• _TASK INPUTS_:
┏━━

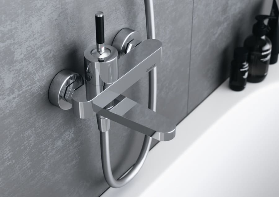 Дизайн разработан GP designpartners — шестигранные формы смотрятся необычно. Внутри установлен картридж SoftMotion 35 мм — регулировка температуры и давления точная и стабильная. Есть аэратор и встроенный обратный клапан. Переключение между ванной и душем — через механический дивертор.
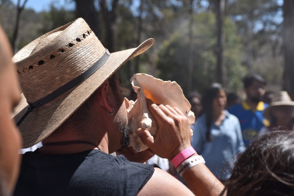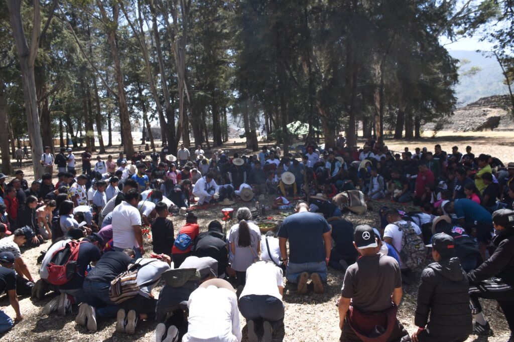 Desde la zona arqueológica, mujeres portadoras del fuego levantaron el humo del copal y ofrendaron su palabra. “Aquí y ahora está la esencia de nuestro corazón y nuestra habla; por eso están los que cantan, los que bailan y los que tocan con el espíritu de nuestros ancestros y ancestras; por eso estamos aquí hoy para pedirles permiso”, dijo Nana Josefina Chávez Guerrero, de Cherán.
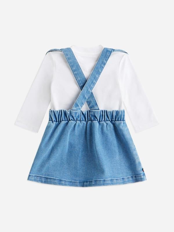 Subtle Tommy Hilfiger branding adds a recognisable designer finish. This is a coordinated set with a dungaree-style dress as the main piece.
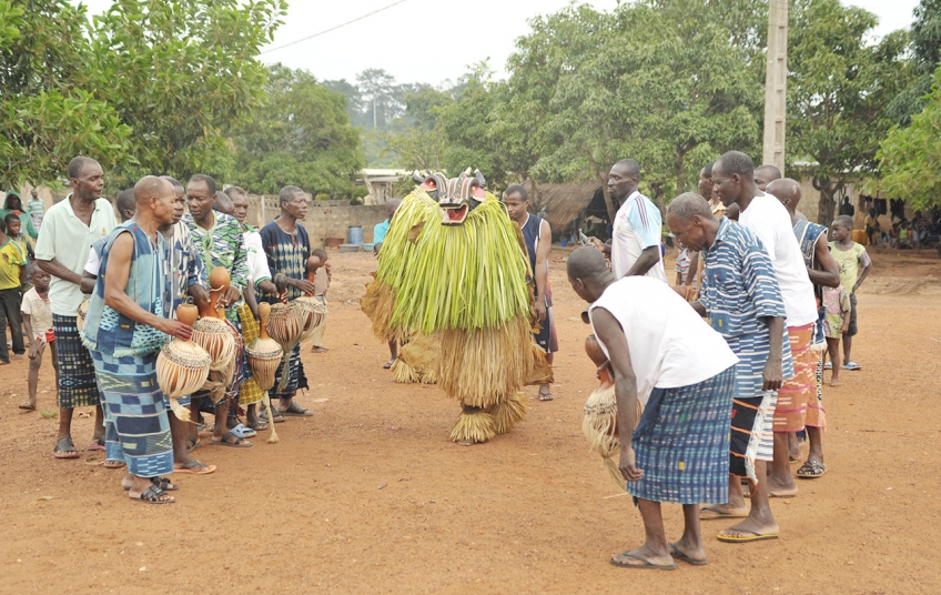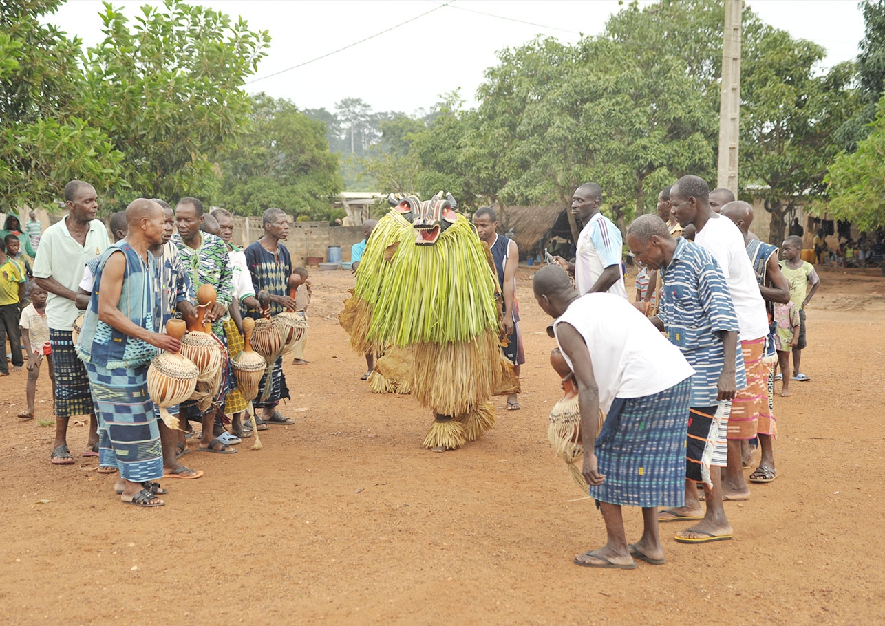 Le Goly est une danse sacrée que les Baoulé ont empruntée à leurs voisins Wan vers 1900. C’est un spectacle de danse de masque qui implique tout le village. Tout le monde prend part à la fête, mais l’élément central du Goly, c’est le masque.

┗━━
┏━━

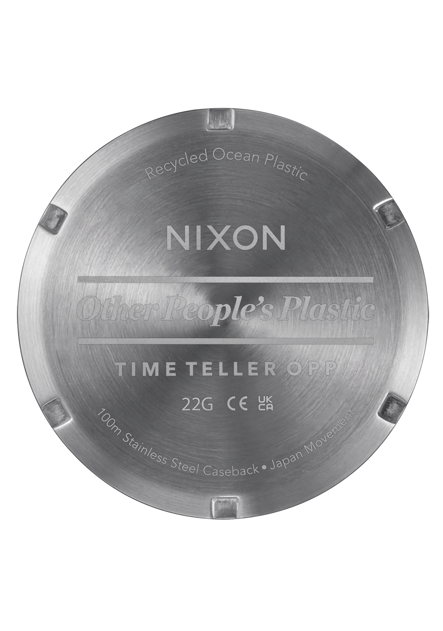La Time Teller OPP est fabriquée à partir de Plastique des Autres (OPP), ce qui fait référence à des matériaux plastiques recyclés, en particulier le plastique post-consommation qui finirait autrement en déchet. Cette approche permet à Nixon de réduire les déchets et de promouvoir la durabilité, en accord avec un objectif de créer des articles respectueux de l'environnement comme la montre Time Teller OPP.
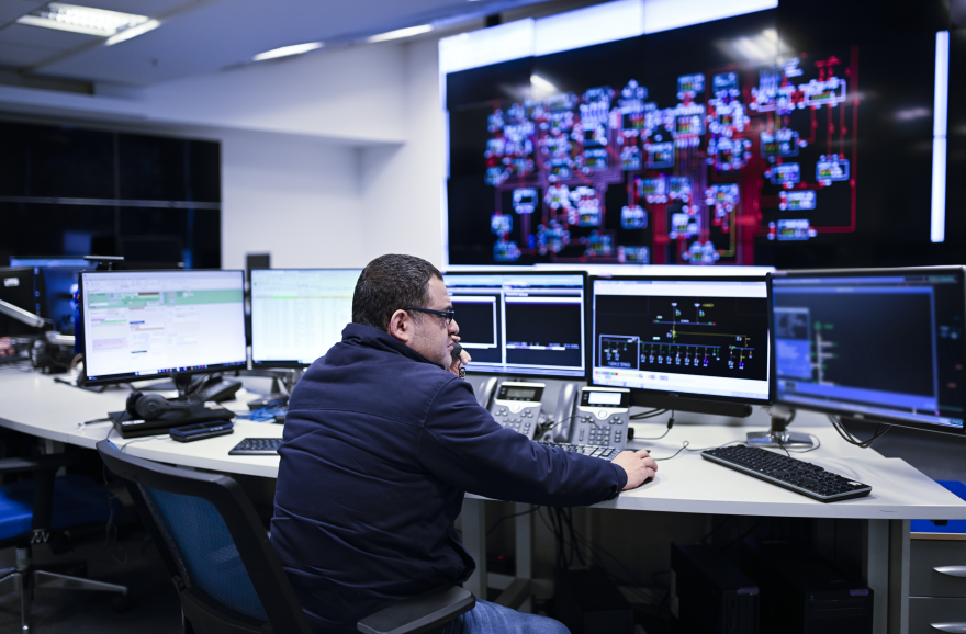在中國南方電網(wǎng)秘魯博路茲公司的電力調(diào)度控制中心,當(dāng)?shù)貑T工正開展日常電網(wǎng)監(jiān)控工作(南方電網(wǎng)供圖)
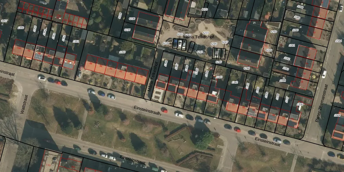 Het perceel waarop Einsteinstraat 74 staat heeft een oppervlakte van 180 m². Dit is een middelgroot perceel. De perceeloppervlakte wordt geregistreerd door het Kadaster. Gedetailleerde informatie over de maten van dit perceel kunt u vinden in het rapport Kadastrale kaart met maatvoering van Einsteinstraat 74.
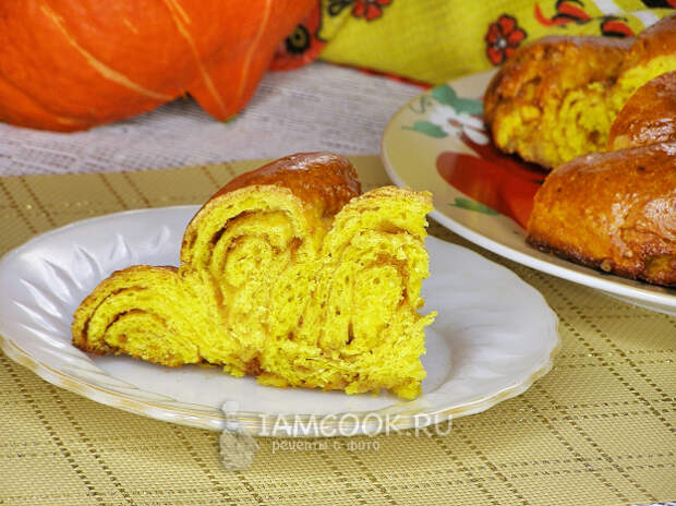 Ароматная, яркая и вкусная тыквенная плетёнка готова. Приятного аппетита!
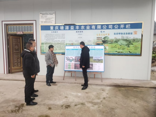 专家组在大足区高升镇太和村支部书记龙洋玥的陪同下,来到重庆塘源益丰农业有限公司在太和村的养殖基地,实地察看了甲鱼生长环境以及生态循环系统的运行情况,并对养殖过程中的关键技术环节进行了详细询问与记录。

┗━━
┏━━

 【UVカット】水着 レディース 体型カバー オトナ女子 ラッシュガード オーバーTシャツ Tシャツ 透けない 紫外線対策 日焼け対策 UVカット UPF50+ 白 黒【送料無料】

┗━━

Would you set down only the lines above from the line with "La Time Teller" to the line with "Het perceel waarop", both included, exactly as they stand and without the pictures?

La Time Teller OPP est fabriquée à partir de Plastique des Autres (OPP), ce qui fait référence à des matériaux plastiques recyclés, en particulier le plastique post-consommation qui finirait autrement en déchet. Cette approche permet à Nixon de réduire les déchets et de promouvoir la durabilité, en accord avec un objectif de créer des articles respectueux de l'environnement comme la montre Time Teller OPP.
在中國南方電網(wǎng)秘魯博路茲公司的電力調(diào)度控制中心,當(dāng)?shù)貑T工正開展日常電網(wǎng)監(jiān)控工作(南方電網(wǎng)供圖)
 Het perceel waarop Einsteinstraat 74 staat heeft een oppervlakte van 180 m². Dit is een middelgroot perceel. De perceeloppervlakte wordt geregistreerd door het Kadaster. Gedetailleerde informatie over de maten van dit perceel kunt u vinden in het rapport Kadastrale kaart met maatvoering van Einsteinstraat 74.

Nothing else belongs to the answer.